А люди смотрели на меня осуждающе. И шептались. Но рядом стоял Дима. Мы держались за руки, а остальное не имело значения. На самом деле мои мысли вертелись, словно параллельные потоки между двумя мыслями: «мой папа умер по моей вине, а мама меня ненавидит, как мне с этим жить?» и «пожалуйста, Господи, не дай мне упасть в обморок на глазах у всех!». Голова была призрачно легкой, пятно видимости сузилось до светлого центра, окруженного чернотой. Я два дня ничего не ела, меня тошнило от одного запаха еды, и три дня не спала.

Мои мольбы, как ни странно, были услышаны, при всех я в обморок не упала, отключилась в машине Димы. Диагноз? Обезвоживание.
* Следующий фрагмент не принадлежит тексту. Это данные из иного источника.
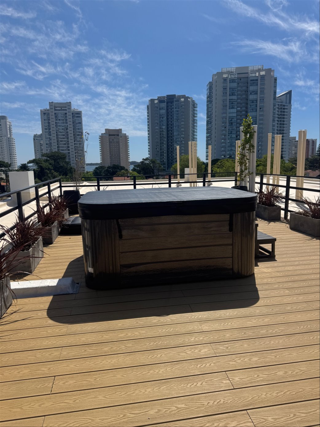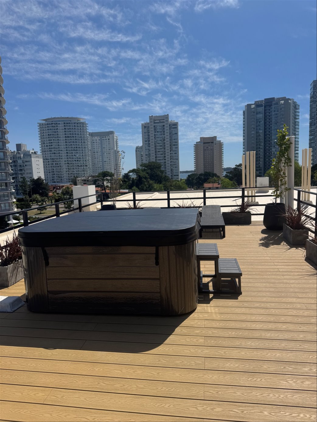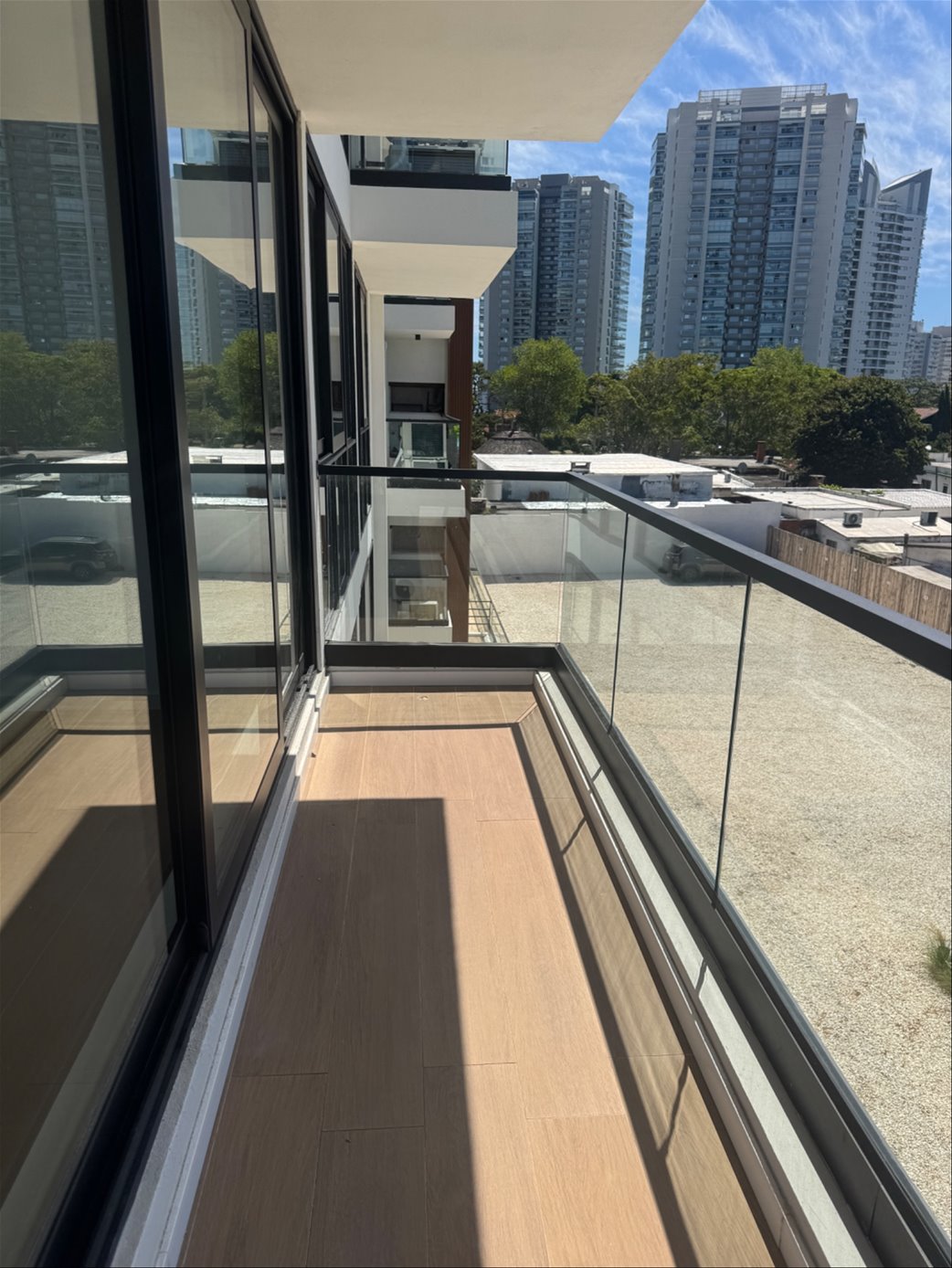 Apartamento a estrenar casi en península . Cuenta con amplio living con cocina integrada , salida desde e mismo a terraza en L (con Parrillero propio ). La cocina semi equipada con horno , anafe y campana extractora . Dos dormitorios , principal con baño en suite .

Придя в полное сознание после бесчисленных часов капельниц, я почувствовала, что во мне не осталось меня. Я вдруг осознала, что умер человек, который был моим родным и любил меня, несмотря на романы с Алексом, несмотря на то, что я убивала людей, несмотря ни на что. В отличие от мамы он никогда меня не винил. Напротив, поддерживал, а я слишком долго была в Сиднее, я не говорила, что люблю его аж три с половиной года. Эти слова я говорила другим, вместо того, чтобы повторять их ему. Это разъедало изнутри. И это уже не исправить. И как построить жизнь с самого начала, если начинать не с чего? Моя семья была основанием пирамиды, на которое я настроила кубики по именам Алекс, Дима, Стас, Олег, Лариса, Лиза… Сначала выдернули кубик Даны, но он был на самом верху, а потом Алекса со второй снизу линии, и пирамида пошатнулась, посыпалась, но удержалась, а теперь с самого центра, с самого основания дернули кубик моего папы, и все рухнуло. Я не знала как, по какому правилу мне собирать оставшиеся. Я не знала, кто теперь я. Это было ужасно.
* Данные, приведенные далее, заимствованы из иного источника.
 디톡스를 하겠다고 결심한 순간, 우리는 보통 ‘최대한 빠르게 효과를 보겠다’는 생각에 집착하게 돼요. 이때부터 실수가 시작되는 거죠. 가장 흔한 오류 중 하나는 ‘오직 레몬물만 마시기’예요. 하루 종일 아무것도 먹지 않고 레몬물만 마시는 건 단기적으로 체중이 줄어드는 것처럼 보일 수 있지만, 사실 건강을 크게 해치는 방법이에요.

— Как ты? — спросил Дима в день выписки, глядя в мои пустые глаза, на тусклые волосы и сероватую кожу.

— Не знаю, — ответила я. — Мне нужно время, чтобы прийти в себя.

Я все чаще вспоминала обстоятельства смерти Бенжамина Картера и злость Шона. Ну, если бы у меня была возможность кого-то обвинить, то я бы это точно сделала. Шон держался куда как лучше. А я сломалась.

Сидела дома, щелкала клавишами клавиатуры или смотрела в окно балкона, изредка перебиваясь чашкой кофе. И со злостью вспоминала, что пока я лежала в больнице, никто обо мне даже не вспомнил. Ладно, Лару опустим, ей я просто ничего не сказала, но Лиза, занятая своим романом с Джеймсом Маером, но мама, занятая собственным горем вместо собственного ребенка… Неужели вот так и рушатся отношения в семье? Неужели все держалось на отце? Неужели это он нас сплачивал и гасил недовольства? Неужели мы все это время так его недооценивали? После выписки жизнь пришла в стабильное русло: я выпивала снотворное и ложилась спать, посыпалась от самого громкого будильника, шла на работу, писала проекты, обрабатывала и дорабатывала коды, отчитывалась, шла домой и снова пила снотворное. Я словно перегорела, мне все стало безразлично. Лишенный интонаций голос, бесстрастная маска на лице, полное отсутствие жестов. В движениях появилась угловатость, как и в теле, и весила я столько же в последний раз в тринадцать. Какой ужас. Меня чуть в отпуск не отправили. Это на краткий миг привело меня в чувства: вот что, по их мнению, я должна была делать в отпуске в полном одиночестве, забытая и заброшенная? Даже на моем фотоаппарате появился сантиметровый слой пыли. Иными словами, без работы никак, разве что совсем в петлю!

Я делала ксерокопии презентации для отчетности перед руководством, когда услышала крики в коридоре:

— Молодой человек, тут вход только по пропускам, вы не можете войти!

И к кому это посетители в обеденный перерыв ломятся? Я в здании чуть ли не одна.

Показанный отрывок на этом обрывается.